▶ [Aim of the exercise]: Pictures in the listing do not belong in the copy, which should repeat exactly the lines from the one holding "Щетки стеклоочистителя (комплект" through the last line.

▶ [Data shown]:

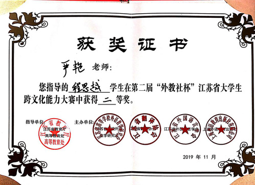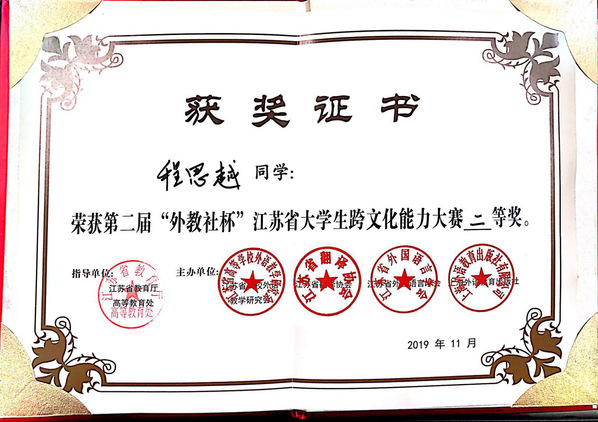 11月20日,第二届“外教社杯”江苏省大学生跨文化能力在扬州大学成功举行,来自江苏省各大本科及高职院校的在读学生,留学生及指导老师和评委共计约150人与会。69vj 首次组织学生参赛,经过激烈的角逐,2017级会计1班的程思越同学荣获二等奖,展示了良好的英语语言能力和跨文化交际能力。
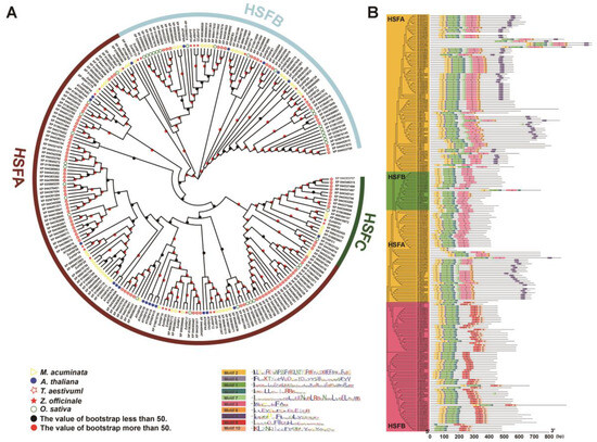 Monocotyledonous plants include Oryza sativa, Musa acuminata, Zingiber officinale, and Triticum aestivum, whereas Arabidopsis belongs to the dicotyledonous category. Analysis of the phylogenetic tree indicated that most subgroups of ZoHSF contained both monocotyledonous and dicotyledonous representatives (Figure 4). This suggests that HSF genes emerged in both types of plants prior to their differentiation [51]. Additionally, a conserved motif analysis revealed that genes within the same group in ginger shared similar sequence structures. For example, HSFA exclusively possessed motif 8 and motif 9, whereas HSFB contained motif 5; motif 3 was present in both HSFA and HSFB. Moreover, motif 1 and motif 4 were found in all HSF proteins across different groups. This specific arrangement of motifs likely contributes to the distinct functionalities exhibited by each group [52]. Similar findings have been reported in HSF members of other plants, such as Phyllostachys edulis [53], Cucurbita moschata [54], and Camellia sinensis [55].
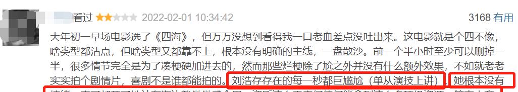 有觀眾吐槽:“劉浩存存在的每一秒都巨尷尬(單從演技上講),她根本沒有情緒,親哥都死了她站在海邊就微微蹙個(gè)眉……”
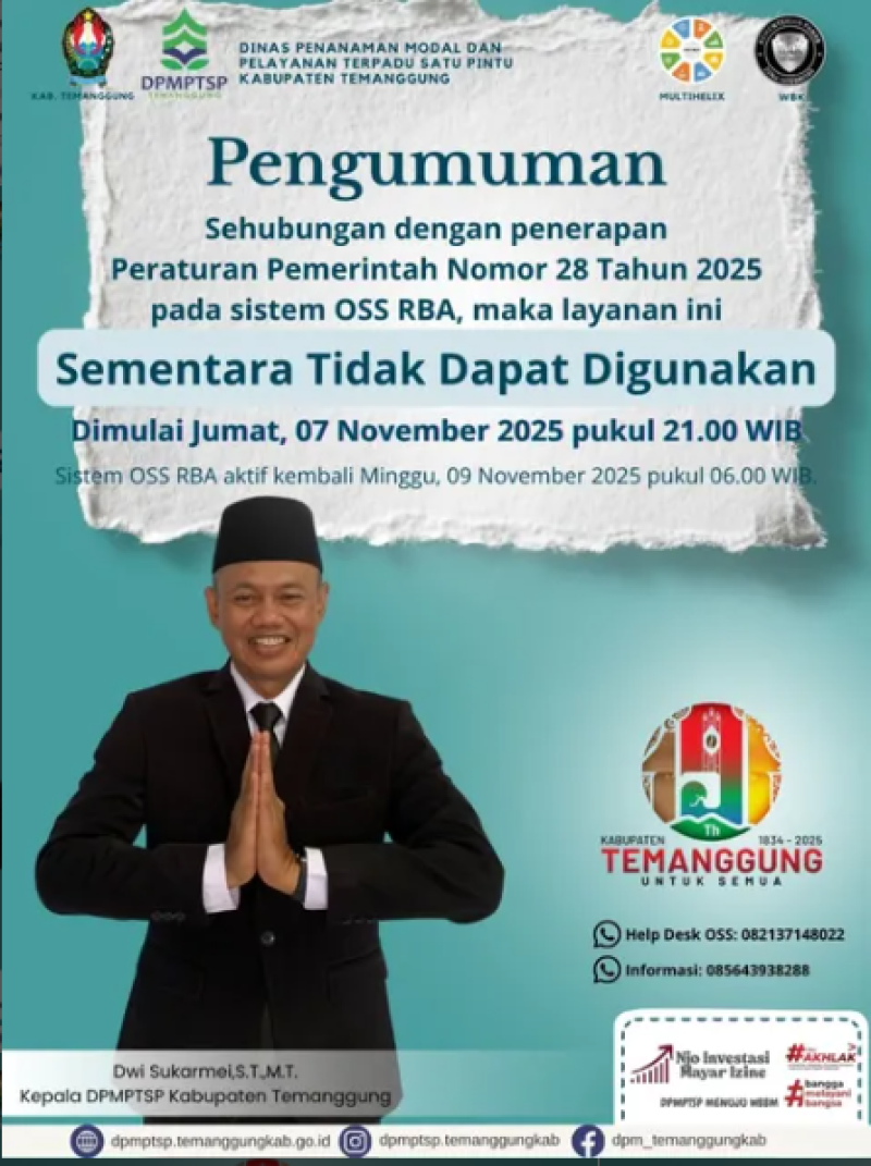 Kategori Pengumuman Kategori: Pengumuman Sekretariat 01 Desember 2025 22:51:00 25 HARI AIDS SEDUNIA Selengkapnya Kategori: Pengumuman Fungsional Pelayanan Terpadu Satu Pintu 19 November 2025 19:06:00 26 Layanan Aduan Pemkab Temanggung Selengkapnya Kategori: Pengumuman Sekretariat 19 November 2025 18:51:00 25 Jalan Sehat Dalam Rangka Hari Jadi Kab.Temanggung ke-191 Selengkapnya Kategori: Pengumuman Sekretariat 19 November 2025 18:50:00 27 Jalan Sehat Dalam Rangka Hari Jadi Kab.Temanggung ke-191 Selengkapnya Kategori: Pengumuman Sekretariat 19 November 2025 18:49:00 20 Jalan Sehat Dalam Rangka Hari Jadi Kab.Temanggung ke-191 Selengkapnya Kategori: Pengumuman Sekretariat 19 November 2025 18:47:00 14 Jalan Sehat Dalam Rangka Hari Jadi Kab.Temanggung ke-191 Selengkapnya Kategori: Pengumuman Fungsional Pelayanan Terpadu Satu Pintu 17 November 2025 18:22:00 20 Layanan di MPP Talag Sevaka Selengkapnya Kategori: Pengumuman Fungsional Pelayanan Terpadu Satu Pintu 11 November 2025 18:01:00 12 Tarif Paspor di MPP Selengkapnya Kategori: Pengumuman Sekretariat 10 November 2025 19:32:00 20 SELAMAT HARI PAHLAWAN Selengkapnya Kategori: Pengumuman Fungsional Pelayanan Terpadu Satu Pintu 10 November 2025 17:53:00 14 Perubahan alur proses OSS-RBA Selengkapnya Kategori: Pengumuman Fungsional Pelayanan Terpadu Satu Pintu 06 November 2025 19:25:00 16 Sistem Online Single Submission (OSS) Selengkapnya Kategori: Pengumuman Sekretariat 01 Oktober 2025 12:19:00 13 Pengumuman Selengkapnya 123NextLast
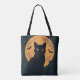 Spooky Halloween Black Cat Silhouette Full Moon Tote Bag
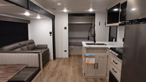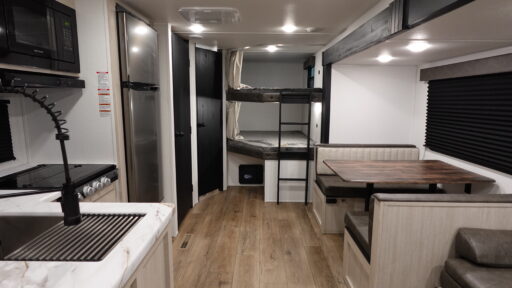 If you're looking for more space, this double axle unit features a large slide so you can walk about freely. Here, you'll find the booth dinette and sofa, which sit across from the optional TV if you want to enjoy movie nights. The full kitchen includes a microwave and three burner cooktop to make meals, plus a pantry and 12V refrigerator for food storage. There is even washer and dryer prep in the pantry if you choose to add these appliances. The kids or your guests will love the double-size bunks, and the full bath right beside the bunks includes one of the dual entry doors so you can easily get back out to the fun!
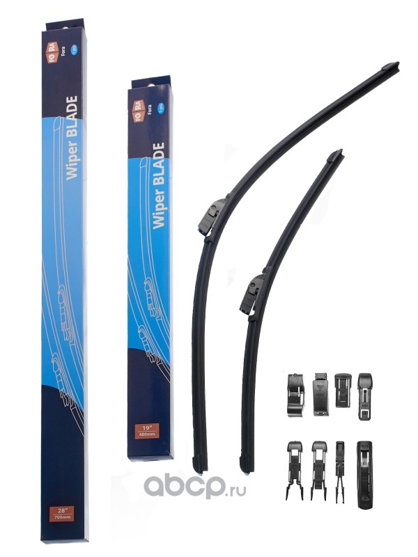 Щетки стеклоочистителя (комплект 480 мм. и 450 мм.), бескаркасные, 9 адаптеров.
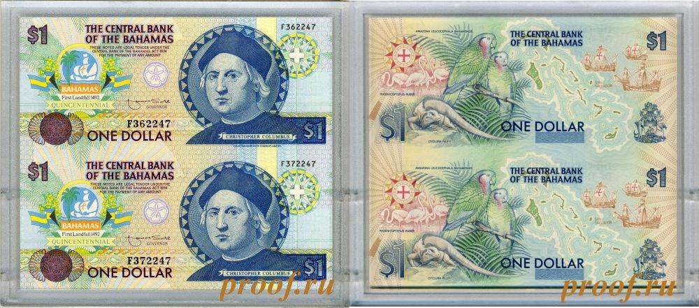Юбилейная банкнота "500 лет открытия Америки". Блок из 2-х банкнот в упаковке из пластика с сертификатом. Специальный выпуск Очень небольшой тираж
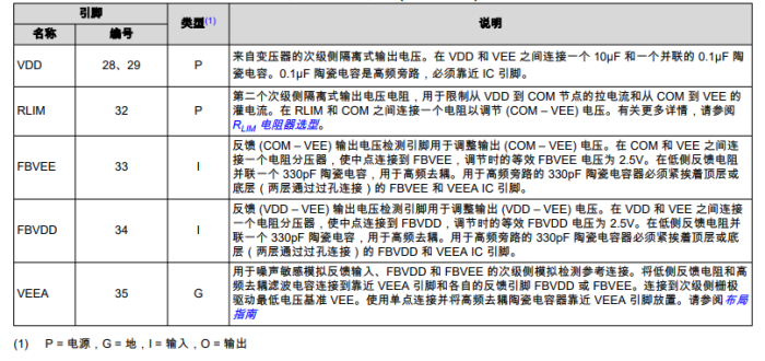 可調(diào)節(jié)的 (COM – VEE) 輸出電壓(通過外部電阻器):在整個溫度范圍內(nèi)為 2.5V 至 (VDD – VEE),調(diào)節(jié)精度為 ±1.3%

▶ [Exercise output]:
 Щетки стеклоочистителя (комплект 480 мм. и 450 мм.), бескаркасные, 9 адаптеров.
Юбилейная банкнота "500 лет открытия Америки". Блок из 2-х банкнот в упаковке из пластика с сертификатом. Специальный выпуск Очень небольшой тираж
 可調(diào)節(jié)的 (COM – VEE) 輸出電壓(通過外部電阻器):在整個溫度范圍內(nèi)為 2.5V 至 (VDD – VEE),調(diào)節(jié)精度為 ±1.3%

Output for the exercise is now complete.